Прошу прощения, что так долго задерживал ваше внимание, но мне хотелось быть доказательным. Все-таки, когда высокий научный авторитет гнет свою линию поперек элементарных методологических принципов, наперекор смыслу творчества поэта и жестокой реальности его жизненного пути и Мандельштам делается «неузнаваем почти», более неузнаваем, чем на пересылке Дальстроя, тут есть повод попытаться возразить поосновательней.

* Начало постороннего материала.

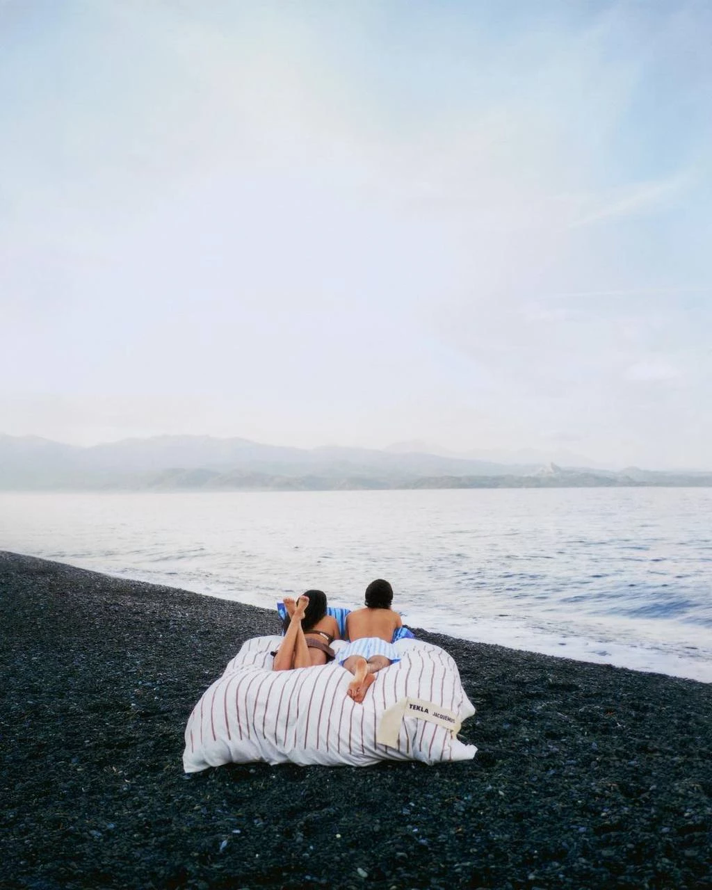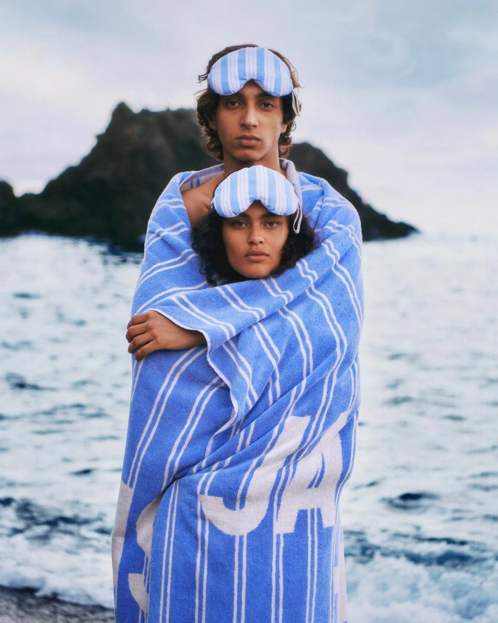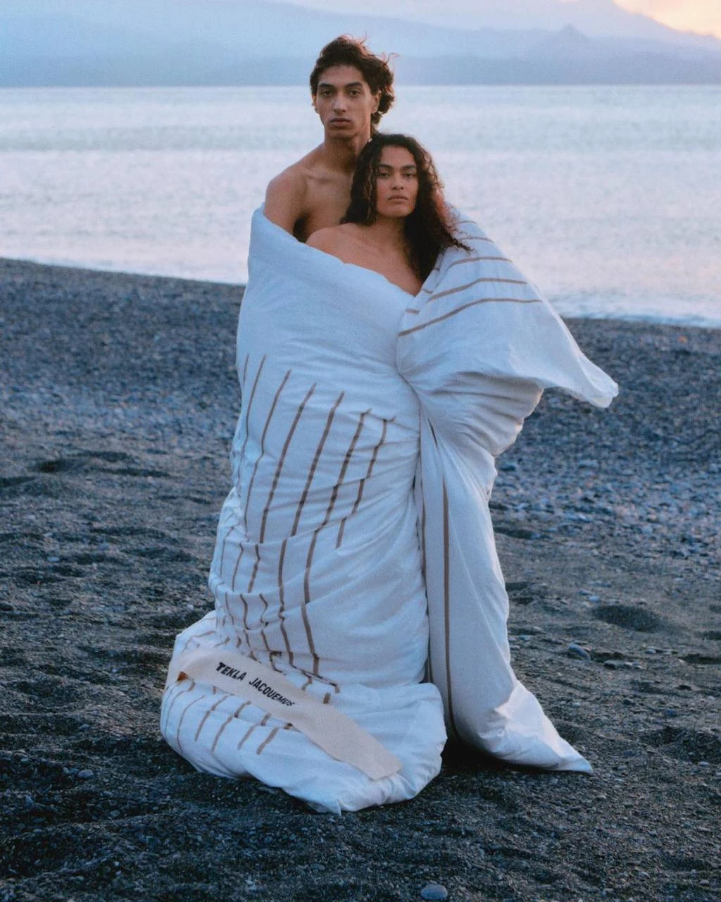 Океан, убаюкивающие звуки прилива и кровать, заправленная невероятным постельным бельем — Jacquemus представил уютную коллаборацию с датским брендом домашнего текстиля Tekla. Коллекция получила название In Bed With и была выполнена в бело-синей палитре. В капсулу вошло все для дома: постельное белье, пледы и полотенца в полоску. Не обошлось и без идеальных составляющих образа для сна — были представлены гендерно-нейтральные халаты, пижамы и маски для сна.

Категорическое навязывание «позднему»,
ссыльному и затравленному, Мандельштаму сугубо добровольного «приятия» советского режима и советской идеологии считаю примером кризисного состояния нашей критической мысли. Оно же с другого бока характеризуется, на мой взгляд, еще одним примером, который можно найти в том же номере «НЛО». Имею в виду материал, озаглавленный «История русской литературы XX века (Москва, сентябрь 1995)». Шесть критиков новой генерации откликнулись здесь на предложение редакции (см. врез) «сочинять» историю не «после», а «по ходу», чтобы по-настоящему передать «воздух эпохи», и представили в журнал свои дневники за сентябрь 1995 года, «написанные исходя из потребностей историка». Идея вкупе с реализацией оставляет диковатое впечатление, поскольку читателю этой «Истории русской литературы...», на мой взгляд, очевидно, что в прошлогоднем сентябре ничего исторического в литературе не произошло. Мне, правда, как сотруднику «Вопросов литературы» не мог не запомниться полупечатный отзыв В. Курицына о нашем журнале (в разговоре с Баком при перевозке книг последнего, Дмитрий Петрович, наверно, тоже помнит этот эпизод, он и сам его в мягких тонах описывает). Но внеслужебный интерес вызвал у меня, пожалуй, лишь изобретенный опять-таки В. Курицыным (он, кстати, выдал (или выдул) «воздуха эпохи» раза в полтора больше любого другого участника) «синоним лексемы «фаллологоцентризм», верней, не сам «синоним», а воображаемая женская реакция главного редактора «НЛО» на перевод первого члена этого трехчастного термина «...словоцентризм» (трехбуквенный открытый текст заменяю отточием). В остальном же можно только позавидовать уверенности коллег в том, что написанное ими станет историей. Если, конечно, все мероприятие не стопроцентная шутка, тогда завидую финансовым возможностям редакции, позволяющим ей в наше суровое время баловать читателя столь пространными шутками. А с точки зрения сегодняшнего историка сегодняшней литературы (пример заразителен), замечу, что возможность таких критических игр возникает, видимо, именно в условиях отсутствия литературы, то есть закончу тем же, с чего и начал.

Сергей ЧУПРИНИН

Мне кажется, что разговор в своем профессиональ ном кругу предрасполагает не столько к обмену мнениями, сколько к обмену вопросами, на которые каждый из нас по тем или иным причинам не знает пока готового ответа.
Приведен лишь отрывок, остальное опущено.